# John Deere 1050 Clutch Replacement



## Dan England (Aug 26, 2018)

Just replaced entire clutch assembly, throw out bearing, oil seal behind my refurbished fly wheel (but not that bearing). Had a hard time pulling it back together! Main 2 stage shaft when it got aligned would slide out when i pushed it together. After about 3 hrs of trying, it did get back together. Is it possible to bolt it back together, with the gear not in the right place? I decided to jack up back rear tire and see if the clutch and gears would function properly before putting oil and hydraulic fluids back in (no starter or power hooked up). This experiment resulted with the big rear tire locked and not turning in either of the high or low range gears and in any of the 4 forward gears or in reverse. When I shift the range gear to neutral. The rear tire spends great!

Do I really need to break the tractor in two again? Clutch foot pressure feels great.
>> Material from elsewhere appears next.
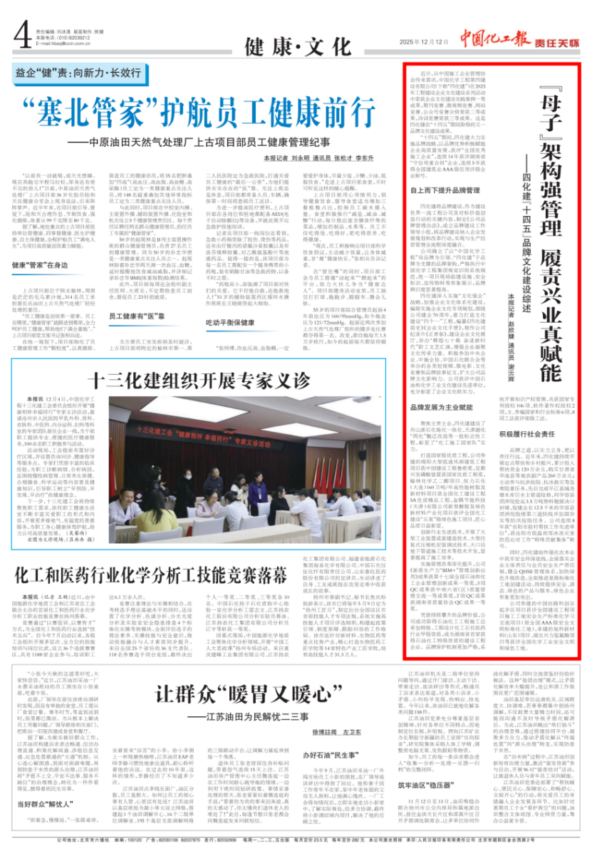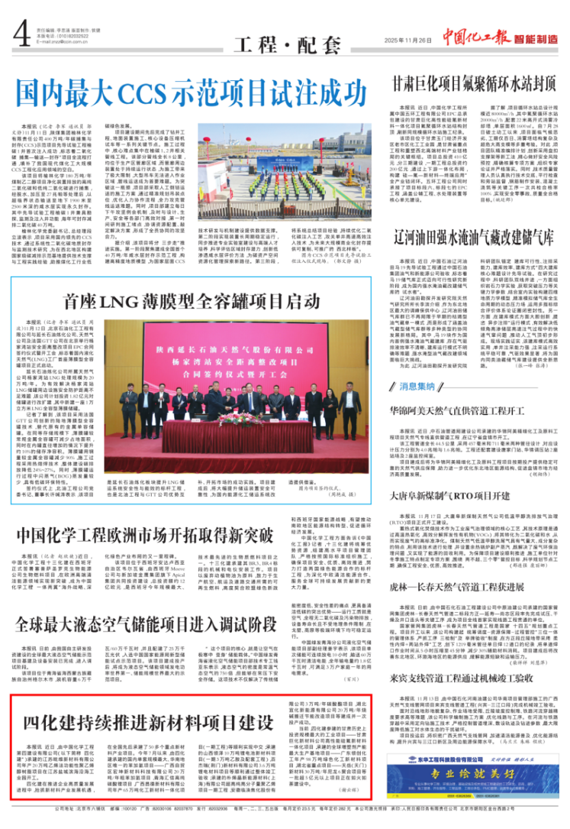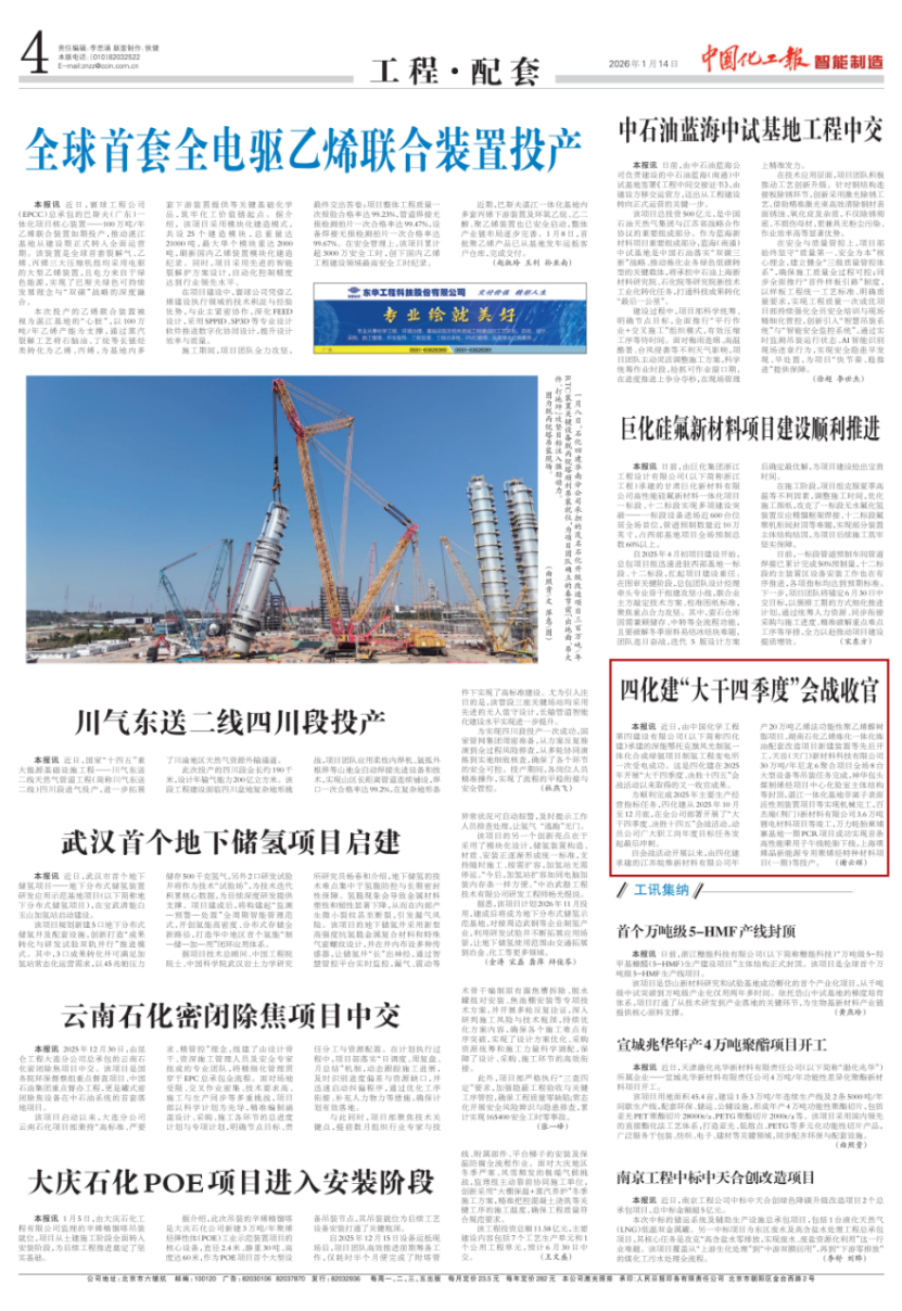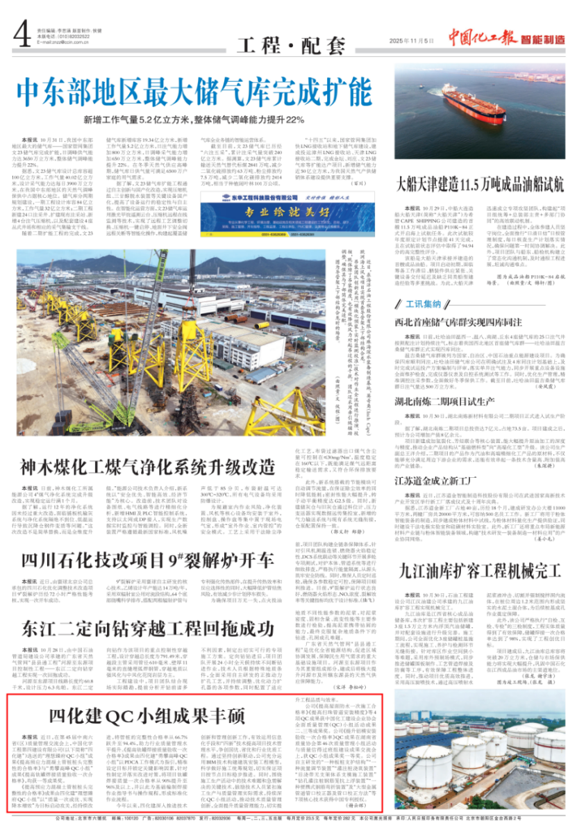 近日,中國石油和化學工業權威報紙、中國百強報刊——《中國化工報》連續刊發多篇報道,聚焦中國化學工程第四建設有限公司在2025年收官之際取得的系列發展成果,充分展現企業在新市場開拓、重大項目攻堅、技術創新驅動、品牌文化塑造及新興產業布局等方面的綜合實力與奮進姿態。

Are there some electrical safety switches causing this range selector from allowing the rear tire to Turn?


----------



## RC Wells (Dec 26, 2008)

I thought I answered this, but here goes again. The Yanmar tractor *that is the JD 1050* requires the release stack to be properly positioned with all the components in the proper order of assembly, and the release linkage properly positioned. It is also common the clutch plates, one or both, get installed backwards resulting in a failure to release.
Start with verifying your linkage, and eliminating the possible glitches. Also be absolutely certain the clutch is fully depressed when you spin the tire by hand.


----------



## jd110 (Nov 23, 2015)

If you had to bolt the tractor back together chances are good that something was not aligned properly. Tractor should roll back together easily when things are assembled properly and splines are aligned. Chances are you bent the clutch disk. or something more serious if you had to draw it together with the bolts.


----------